Po ok 5 dniach (wtorek) poszłam z kotem do weta na odrobaczenie, dostał Flubenol KH (?- tyle jestem w stanie rozczytać)
+ wet wyczyścił mu uszy i stwierdził świerzb. Wróciłam z kotem do domu i po około 2h kot zaczął być osowiały/bez energii.
Obserwowałam sytuacje i z czasem przestał jeść i niestety też pic. Następnego dnia(środa)-prosto do weterynarza. Kot 41st gorączki, dostał 3 zastrzyki +maść do uszu (nie wiem jakie zastrzyki, zapomniałam książeczki). Po powrocie kot zaczął odżywać, coś tam sobie zjadł ale dalej pić nie chciał. Wieczorem znowu stacił energię i już wtedy dawałam mu wodę strzykawką. Dzisiaj po kolejnej wizycie- dostał też 3 zastrzyki, kroplówkę + weterynarz stwierdził, że trzeba podać surowicę z innego kota (umówieni na jutro)
Kot dalej leży, nie je, nie pije i co najgorsza- naciąga go tak jakby chciał wymiotować ale tego nie robi (tylko otwiera pyszczek). Po takim "naciągnięciu" ciężko oddycha i "świszczy".
Błagam, pomóżcie- co to może być? Może ktoś miał podobny przypadek?

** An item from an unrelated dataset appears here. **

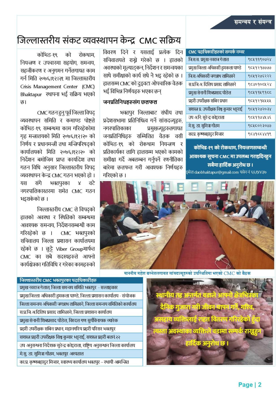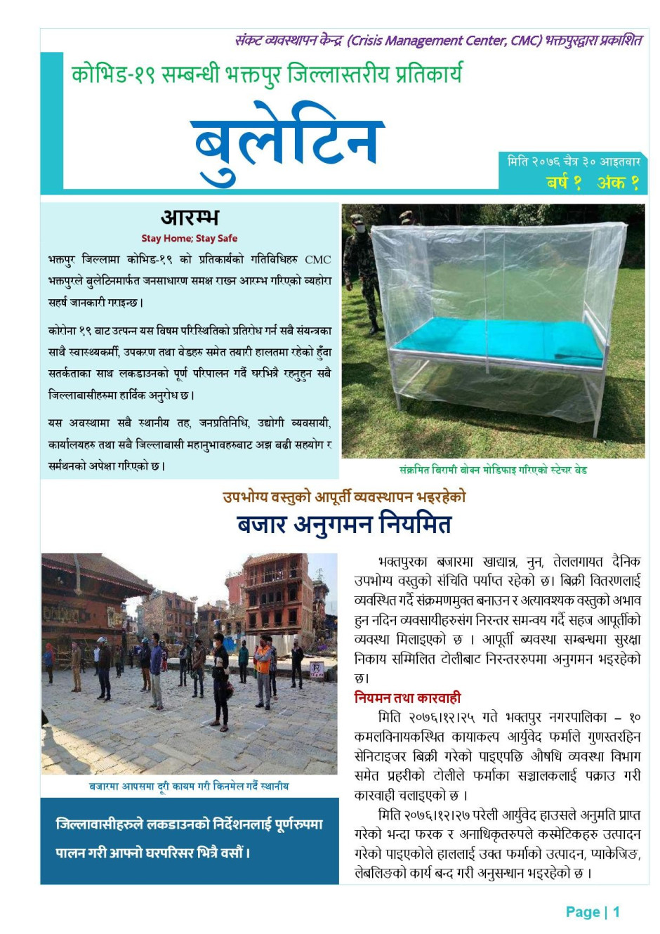 CMC भक्तपुरको बुलेटिन बर्ष १ अंक १ २०७६ चैत्र ३० को Flip Book हेर्न यहाँ क्लिक गर्नुहोस

Być może przewiało go po pierwszej wizycie?
Dodam jeszcze, że kot ma ok 6-7 miesięcy.
Kot osowiały/ma problem z oddychaniem
nie da się zgadywać co mu jest trzeba zwierzę solidnie zbadać ewentualnie zrobić testy na choroby zakaźne czy też badanie krwi i postawić diagnozę.
Byłam rano u innego weterynarza- po badaniach, rtg - okazało sie, że to angina.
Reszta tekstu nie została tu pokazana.